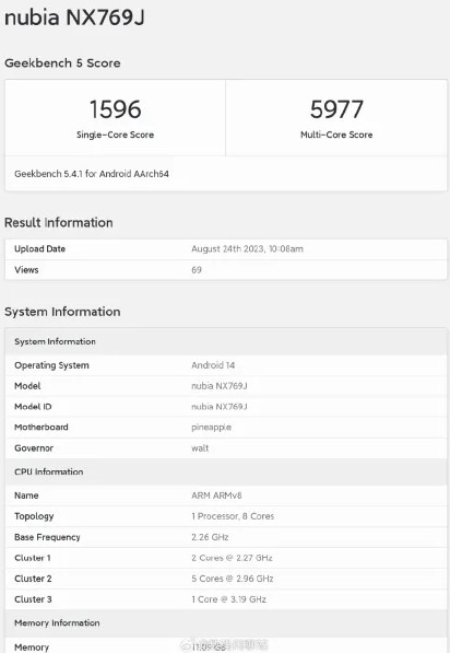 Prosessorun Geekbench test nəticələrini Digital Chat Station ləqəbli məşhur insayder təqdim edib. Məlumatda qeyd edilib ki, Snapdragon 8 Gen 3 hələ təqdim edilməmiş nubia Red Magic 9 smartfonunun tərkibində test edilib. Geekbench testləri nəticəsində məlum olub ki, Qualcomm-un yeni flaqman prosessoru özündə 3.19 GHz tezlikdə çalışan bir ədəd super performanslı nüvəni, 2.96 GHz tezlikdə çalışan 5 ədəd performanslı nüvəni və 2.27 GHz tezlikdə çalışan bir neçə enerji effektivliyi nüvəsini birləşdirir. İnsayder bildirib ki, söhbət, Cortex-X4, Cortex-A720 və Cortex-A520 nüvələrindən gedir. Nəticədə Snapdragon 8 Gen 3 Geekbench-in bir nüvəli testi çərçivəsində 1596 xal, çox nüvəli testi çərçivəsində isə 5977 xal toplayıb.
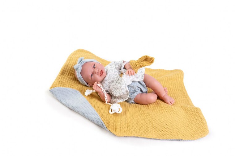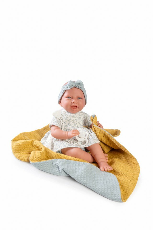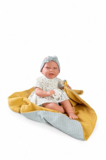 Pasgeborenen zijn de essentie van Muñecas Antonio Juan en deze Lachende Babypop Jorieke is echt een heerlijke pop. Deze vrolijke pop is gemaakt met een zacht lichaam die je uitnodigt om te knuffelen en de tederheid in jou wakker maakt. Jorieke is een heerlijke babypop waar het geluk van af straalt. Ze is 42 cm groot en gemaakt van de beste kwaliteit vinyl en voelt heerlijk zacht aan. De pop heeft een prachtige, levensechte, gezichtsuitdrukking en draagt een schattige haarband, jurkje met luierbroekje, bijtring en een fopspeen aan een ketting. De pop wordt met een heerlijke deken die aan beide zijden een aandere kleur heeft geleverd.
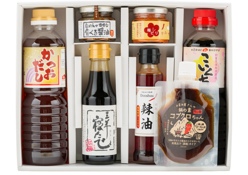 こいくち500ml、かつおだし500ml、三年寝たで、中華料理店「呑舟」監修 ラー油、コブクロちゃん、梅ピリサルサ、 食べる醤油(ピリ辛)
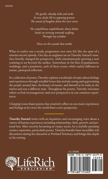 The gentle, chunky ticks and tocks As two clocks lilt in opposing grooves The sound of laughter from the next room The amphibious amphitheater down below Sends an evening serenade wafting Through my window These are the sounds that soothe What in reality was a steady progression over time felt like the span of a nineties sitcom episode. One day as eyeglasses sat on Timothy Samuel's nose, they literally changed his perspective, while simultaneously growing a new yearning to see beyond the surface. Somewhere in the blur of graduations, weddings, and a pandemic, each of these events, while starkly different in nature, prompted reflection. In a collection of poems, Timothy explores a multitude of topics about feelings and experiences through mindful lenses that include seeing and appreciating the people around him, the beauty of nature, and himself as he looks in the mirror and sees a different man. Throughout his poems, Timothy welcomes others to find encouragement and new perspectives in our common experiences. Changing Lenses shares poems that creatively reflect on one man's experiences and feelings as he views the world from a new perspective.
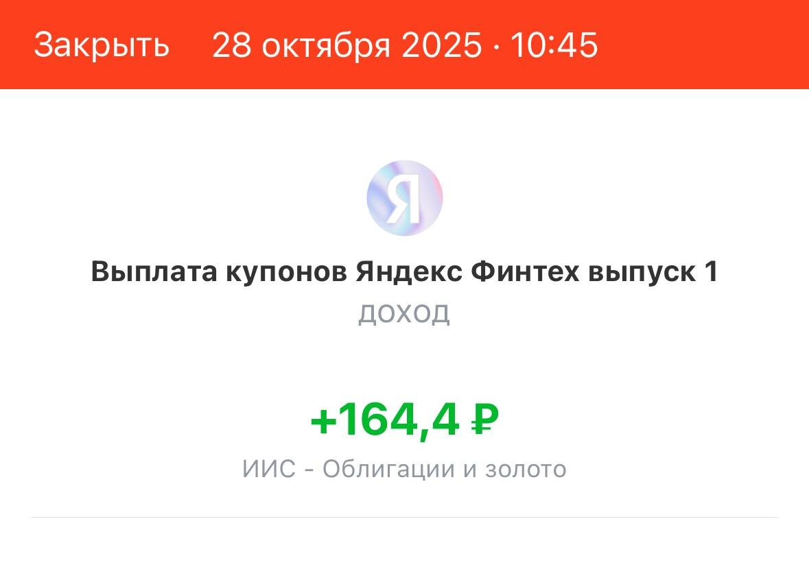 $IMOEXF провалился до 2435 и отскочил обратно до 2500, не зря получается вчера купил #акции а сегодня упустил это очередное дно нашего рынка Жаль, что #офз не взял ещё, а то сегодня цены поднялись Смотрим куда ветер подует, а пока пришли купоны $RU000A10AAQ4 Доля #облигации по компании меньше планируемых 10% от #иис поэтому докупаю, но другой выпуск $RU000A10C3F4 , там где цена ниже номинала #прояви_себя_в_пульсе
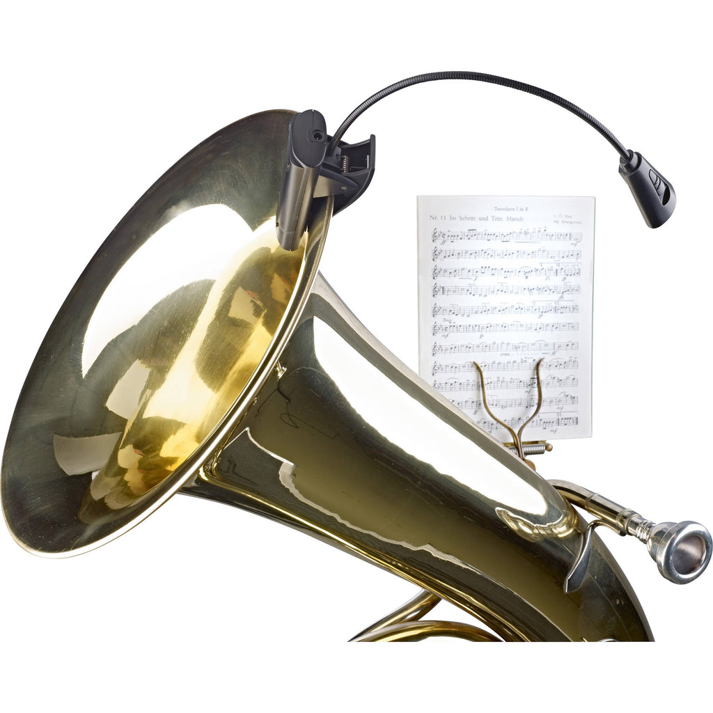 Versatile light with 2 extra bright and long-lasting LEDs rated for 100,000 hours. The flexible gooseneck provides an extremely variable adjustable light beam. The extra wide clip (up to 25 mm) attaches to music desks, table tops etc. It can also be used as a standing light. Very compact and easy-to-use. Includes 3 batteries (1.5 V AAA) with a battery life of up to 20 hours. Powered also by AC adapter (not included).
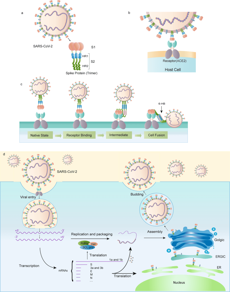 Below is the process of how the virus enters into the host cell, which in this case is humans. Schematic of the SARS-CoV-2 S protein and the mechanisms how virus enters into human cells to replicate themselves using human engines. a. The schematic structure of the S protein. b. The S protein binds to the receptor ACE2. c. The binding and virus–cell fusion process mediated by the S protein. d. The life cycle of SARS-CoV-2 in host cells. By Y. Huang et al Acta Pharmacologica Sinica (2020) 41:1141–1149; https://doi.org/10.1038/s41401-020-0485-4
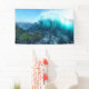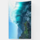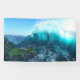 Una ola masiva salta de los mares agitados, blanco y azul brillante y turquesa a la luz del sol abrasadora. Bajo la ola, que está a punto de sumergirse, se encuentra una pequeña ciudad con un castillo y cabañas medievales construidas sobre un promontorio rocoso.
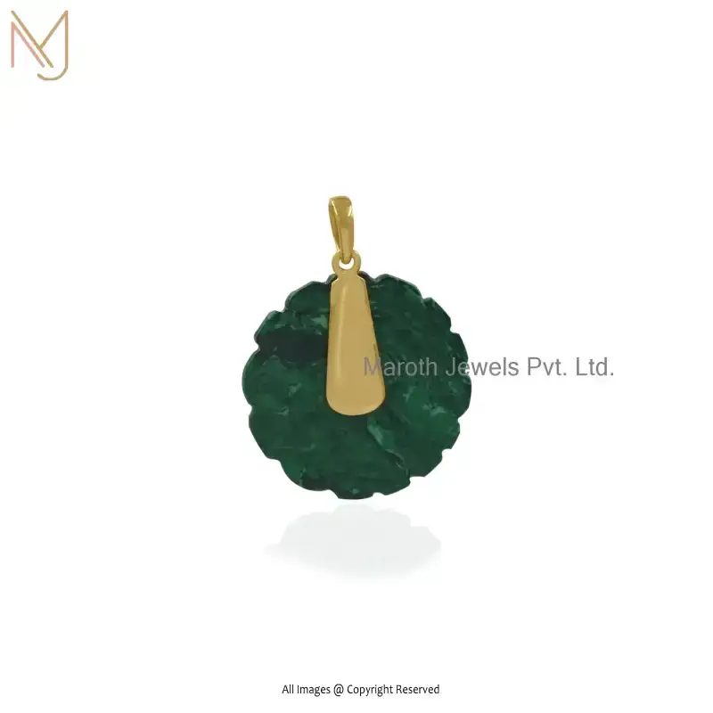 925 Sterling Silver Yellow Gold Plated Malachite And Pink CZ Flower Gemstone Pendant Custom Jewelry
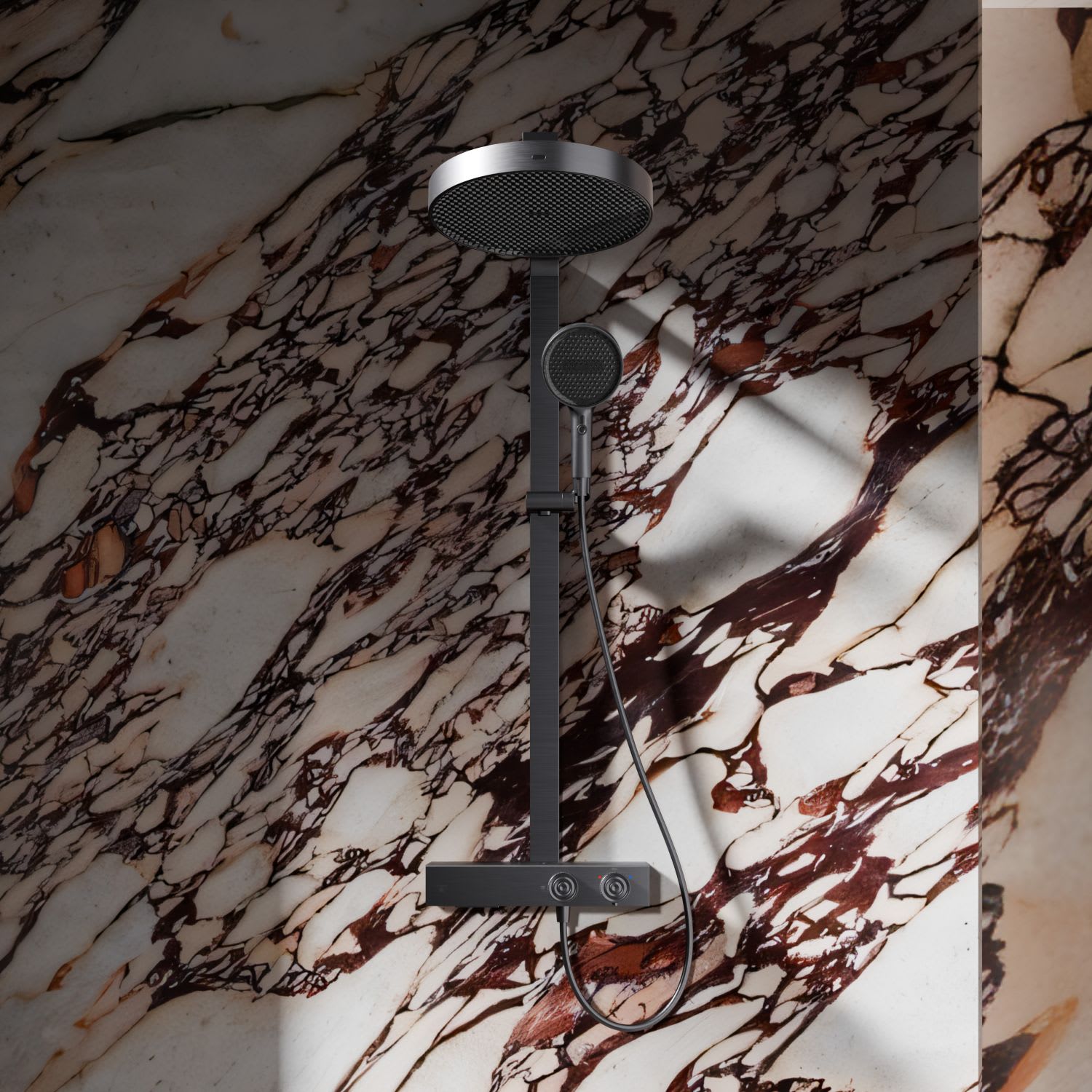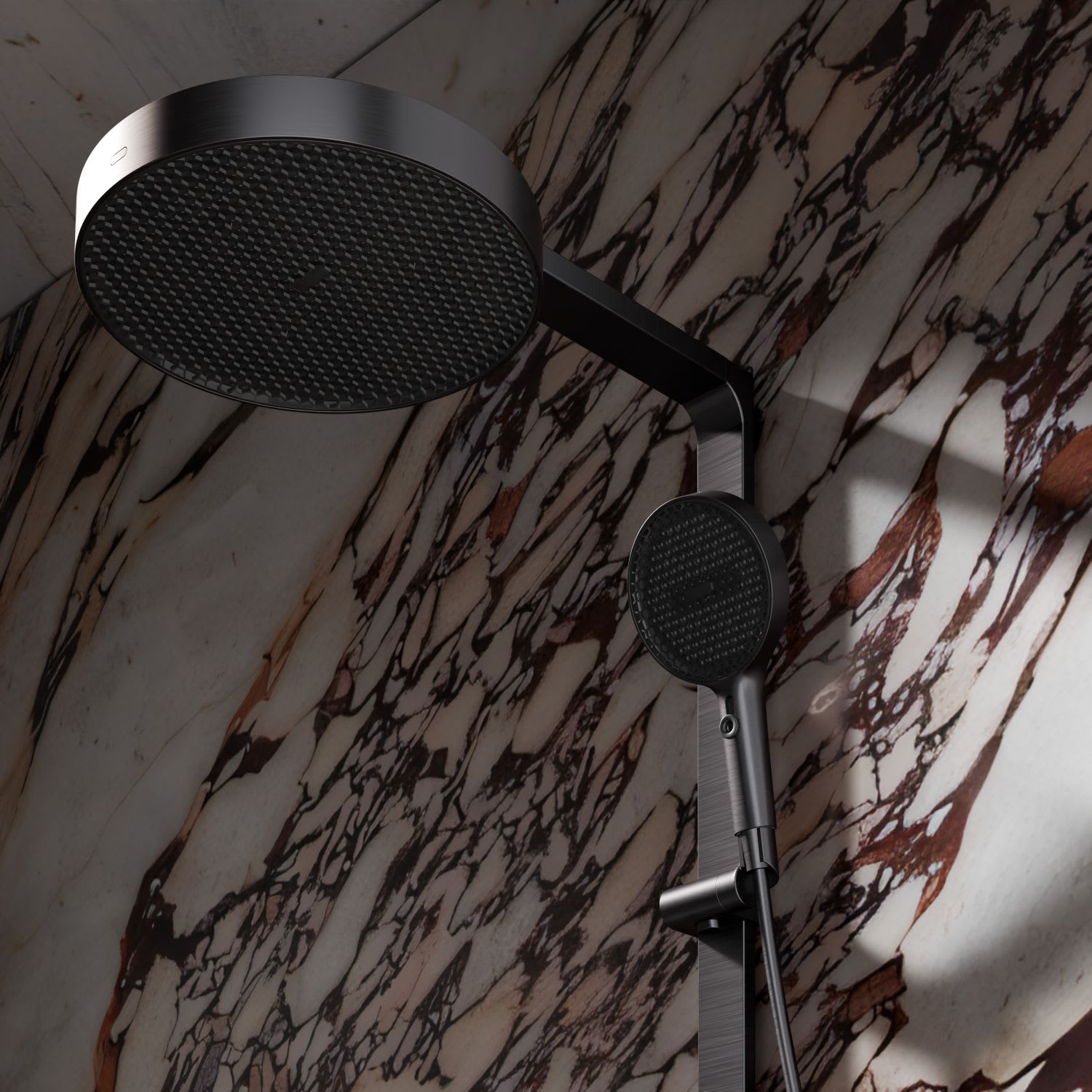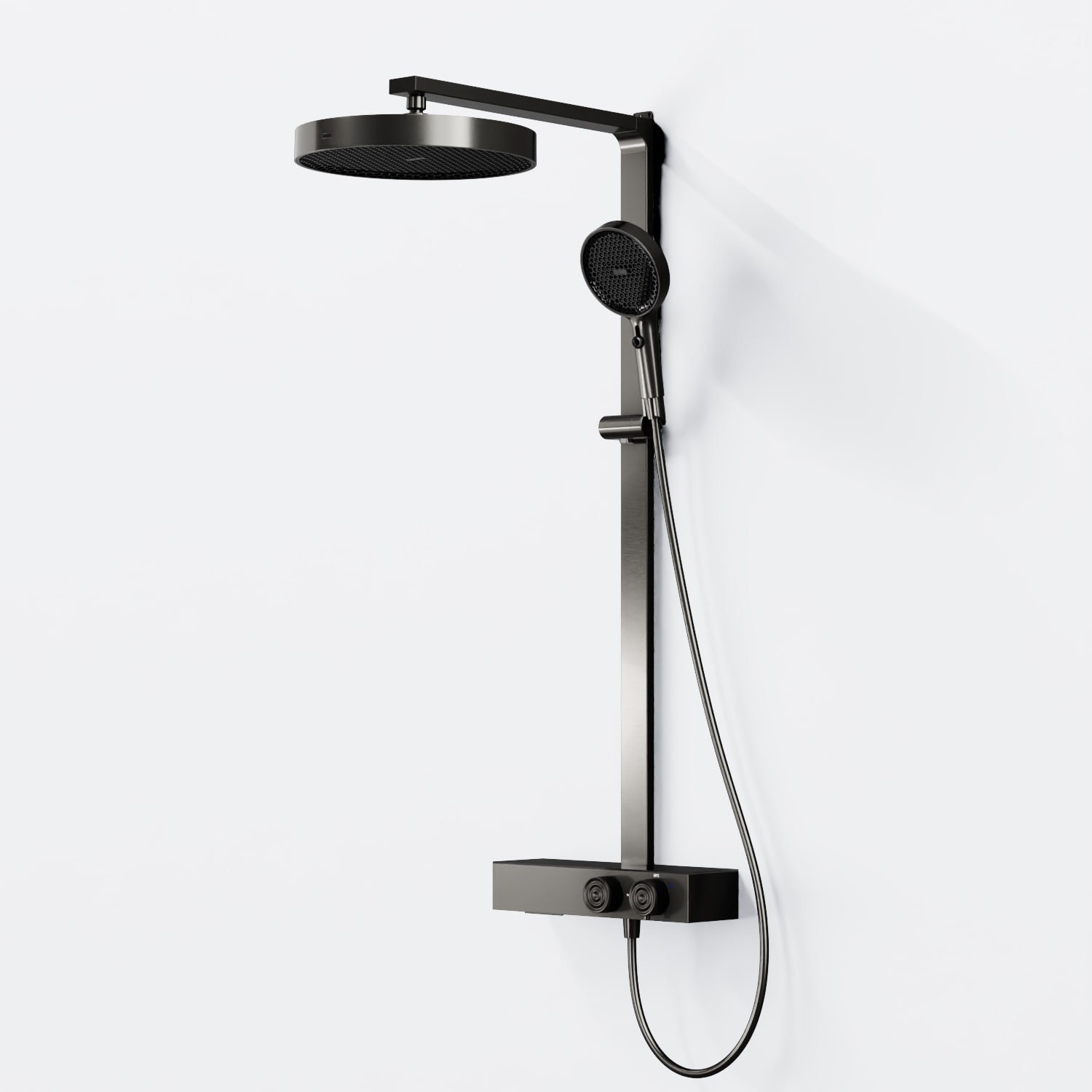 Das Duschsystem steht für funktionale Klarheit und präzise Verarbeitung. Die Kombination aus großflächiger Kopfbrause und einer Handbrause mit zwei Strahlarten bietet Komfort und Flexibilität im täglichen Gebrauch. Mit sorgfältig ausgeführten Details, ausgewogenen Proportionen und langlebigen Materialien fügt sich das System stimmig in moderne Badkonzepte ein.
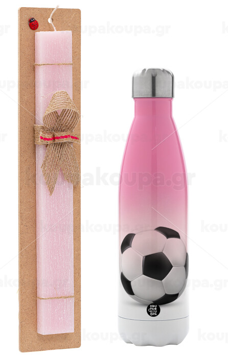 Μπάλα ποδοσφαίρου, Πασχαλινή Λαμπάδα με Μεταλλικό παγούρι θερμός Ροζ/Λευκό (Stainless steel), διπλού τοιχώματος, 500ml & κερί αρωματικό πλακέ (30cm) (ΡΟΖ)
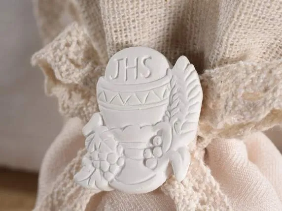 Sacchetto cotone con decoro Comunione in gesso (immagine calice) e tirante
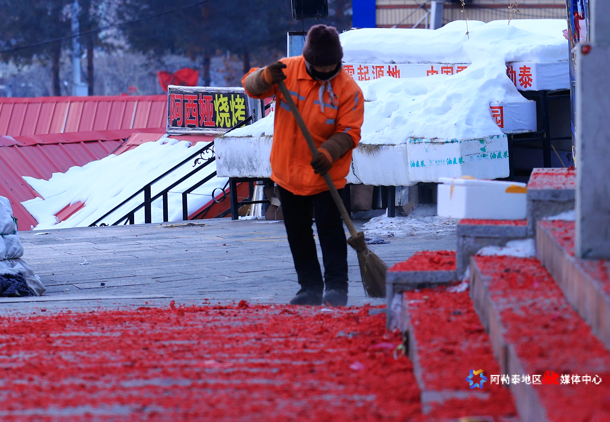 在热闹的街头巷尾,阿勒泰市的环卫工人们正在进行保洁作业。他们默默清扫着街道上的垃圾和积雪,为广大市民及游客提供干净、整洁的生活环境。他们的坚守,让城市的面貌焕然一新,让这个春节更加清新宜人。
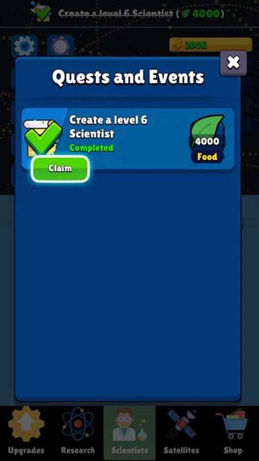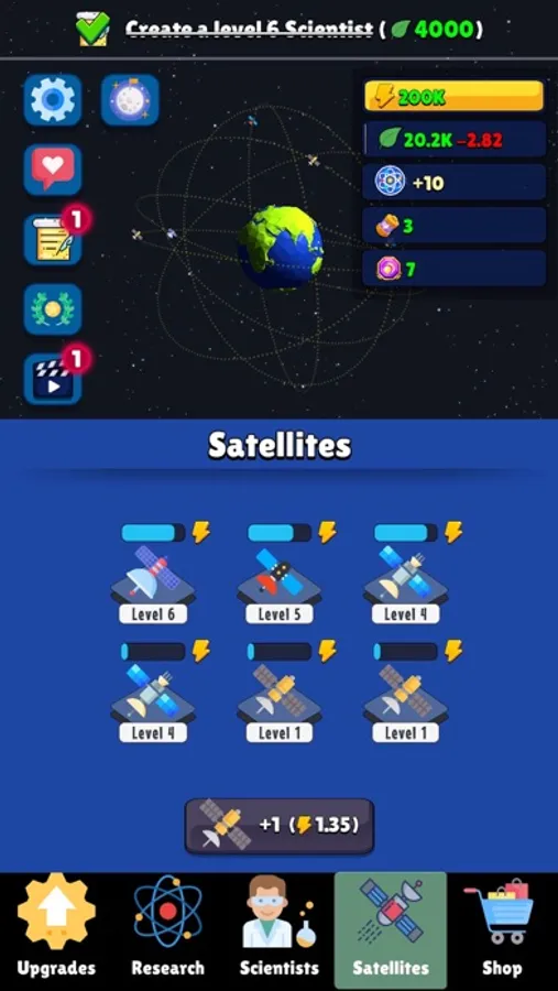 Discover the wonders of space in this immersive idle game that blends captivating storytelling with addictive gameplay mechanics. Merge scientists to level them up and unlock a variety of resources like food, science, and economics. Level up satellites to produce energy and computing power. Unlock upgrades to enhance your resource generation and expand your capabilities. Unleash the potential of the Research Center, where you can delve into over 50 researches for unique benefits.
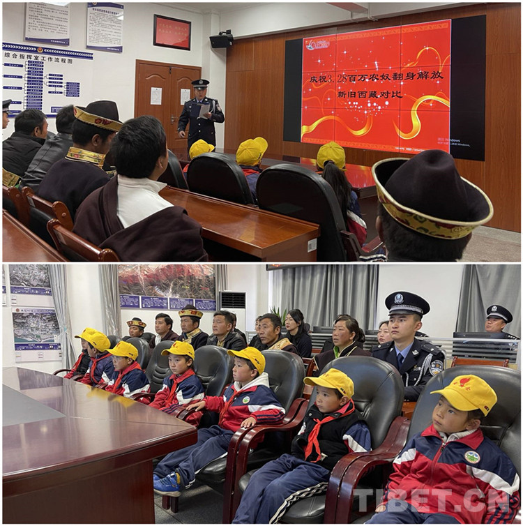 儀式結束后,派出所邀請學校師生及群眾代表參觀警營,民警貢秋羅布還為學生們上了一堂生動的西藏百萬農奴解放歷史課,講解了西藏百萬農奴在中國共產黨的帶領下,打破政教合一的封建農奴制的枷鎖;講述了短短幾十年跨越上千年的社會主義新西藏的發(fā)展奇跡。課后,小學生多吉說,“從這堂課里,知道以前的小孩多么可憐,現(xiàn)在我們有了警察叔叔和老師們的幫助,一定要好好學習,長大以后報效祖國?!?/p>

================================

#### REQUIRED WORK
Could you repeat, exactly, only the lines above starting at the one that has "Das Duschsystem steht" and stopping after the one that has "在热闹的街头巷尾,阿勒泰市的", without the pictures?

#### EXERCISE SOLUTION
 Das Duschsystem steht für funktionale Klarheit und präzise Verarbeitung. Die Kombination aus großflächiger Kopfbrause und einer Handbrause mit zwei Strahlarten bietet Komfort und Flexibilität im täglichen Gebrauch. Mit sorgfältig ausgeführten Details, ausgewogenen Proportionen und langlebigen Materialien fügt sich das System stimmig in moderne Badkonzepte ein.
 Μπάλα ποδοσφαίρου, Πασχαλινή Λαμπάδα με Μεταλλικό παγούρι θερμός Ροζ/Λευκό (Stainless steel), διπλού τοιχώματος, 500ml & κερί αρωματικό πλακέ (30cm) (ΡΟΖ)
 Sacchetto cotone con decoro Comunione in gesso (immagine calice) e tirante
 在热闹的街头巷尾,阿勒泰市的环卫工人们正在进行保洁作业。他们默默清扫着街道上的垃圾和积雪,为广大市民及游客提供干净、整洁的生活环境。他们的坚守,让城市的面貌焕然一新,让这个春节更加清新宜人。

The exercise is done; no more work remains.